This is the documentation for Cloudera Manager 4.8.2.
Documentation for other versions is available at Cloudera Documentation.

Viewing Service Status

To view service status, do one of the following:

  • In the Home page, click the service name.
  • Pull down the menu from the Services tab and select the service instance you want to see.  
  • Select Services tab > All Services and then click a link in the Name column.

For all service types there is a Status Summary that shows, for each configured role, the overall status and health of the role instance(s).

  Note: Not all service types provide complete monitoring and health information. Hue, Oozie, Hive, and YARN (CDH4 only) only provide the basic Status Summary.

Each service that supports monitoring provides a set of monitoring properties where you can enable or disable health tests and events, and set thresholds for tests and modify thresholds for the status of certain health checks. For more information see Configuring Monitoring Settings.

The HDFS, MapReduce, HBase, ZooKeeper, and Flume services also provide additional information: a snapshot of service-specific metrics, health test results, health history, and a set of charts that provide a historical view of metrics of interest.

Viewing Past Status

The status and health information shown on this page represents the state of the service or role instance at a given point in time. The exceptions are the charts and the Logs and Events tabs, which show information for the time range currently selected on the Time Range Selector (which defaults to the past 30 minutes). By default, the information shown on this page is for the current time. You can view status for a past point in time simply by moving the time marker () to a point in the past.

When you move the time marker to a point in the past (for Services/Roles that support health history), the Health Status clearly indicates that it is referring to a past time. A Now button () allows you to quickly switch to view the current state of the service. In addition, the Actions menu is disabled while you are viewing status in the past – to ensure that you cannot accidentally take an action based on outdated status information.

See Time Line for more details.

Status Summary

The Status Summary shows the status of each service instance being managed by Cloudera Manager. Even services such as Hue, Oozie, or YARN (which are not monitored by Cloudera Manager) show a status summary. The overall status for a service is a roll-up of the health check results for the service and all its role instances.

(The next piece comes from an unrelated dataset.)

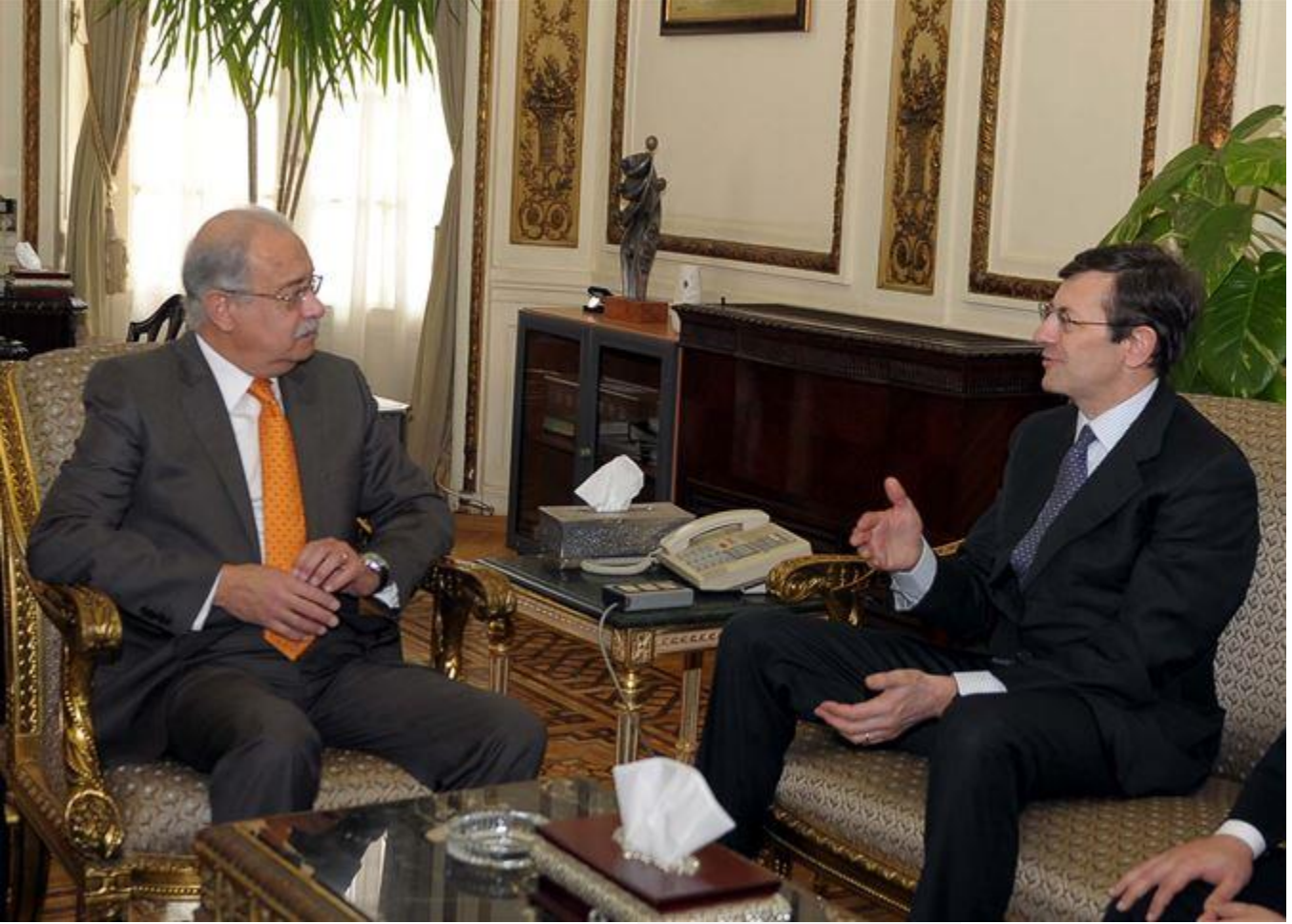
رئيس الوزراء يستقبل رئيس شركة فودافون

التقى المهندس شريف إسماعيل، رئيس مجلس الوزراء، صباح الخميس، فيتوريو كولانو، الرئيس التنفيذي لمجموعة فودافون العالمية ، بحضور ياسر القاضي، وزير الاتصالات وتكنولوجيا المعلومات.

The Status can be:

Table 1. Status
Icon Status Description

Started with outdated configuration For a service, this indicates the service is running, but at least one of its roles is running with a configuration that does not match the current configuration settings in Cloudera Manager. For a role, this indicates a configuration change has been made that requires a restart, and that restart has not yet occurred.
Starting or stopping The entity is starting up but is not yet running or the service or role is stopping but has not stopped yet.
Stopped The entity is stopped, as expected.
Down The entity is not running, but it is expected to be running.
History not available The application is in historical mode, and the entity does not have historical monitoring support. This is the case for services other than HDFS, MapReduce and HBase such as ZooKeeper, Oozie, or Hue .
Status not available The entity is not started or stopped in the same way as a regular service or role. Examples are the HDFS Balancer (which runs from the HDFS Rebalance action) or Gateway roles. The Start and Stop commands are not applicable to these instances.
None The entity does not have a status. For example, it is not something that can be running and it cannot have health.
Good health The entity is running with good health. For a specific health check, the returned result is normal or within the acceptable range. For a role or service, this means all health checks for that role or service are Good.
   Concerning health The entity is running with concerning health. For a specific health check, the returned result indicates a potential problem. Typically this means the test result has gone above (or below) a configured Warning threshold. For a role or service, this means that at least one health check is Concerning.
Bad health The entity is running with bad health. For a specific health check, the check failed, or the returned result indicates a serious problem. Typically this means the test result has gone above (or below) a configured Critical threshold. For a role or service, this means that at least one health check is Bad.
Disabled health The entity is running, but all of its health checks are disabled.
Unknown health The entity is running, but there is not enough information to determine its health.
Unknown Status of a service or role or service instance is unknown. This can occur for a number of reasons, such as the Service Monitor is not running, or connectivity to the agent doing the health monitoring has been lost.

You can click either the Status link for a role to drill down to see the details of the status of the role instance(s). If there is a single instance of the role type, the link takes you directly to the role instance status.

If there are multiple role instances (such as for DataNodes, TaskTrackers, RegionServers) clicking to the right of the role's health displays a pop-up that allows you to select specific instances. Furthermore, this pop-up displays the results for each health test that applies to this role type.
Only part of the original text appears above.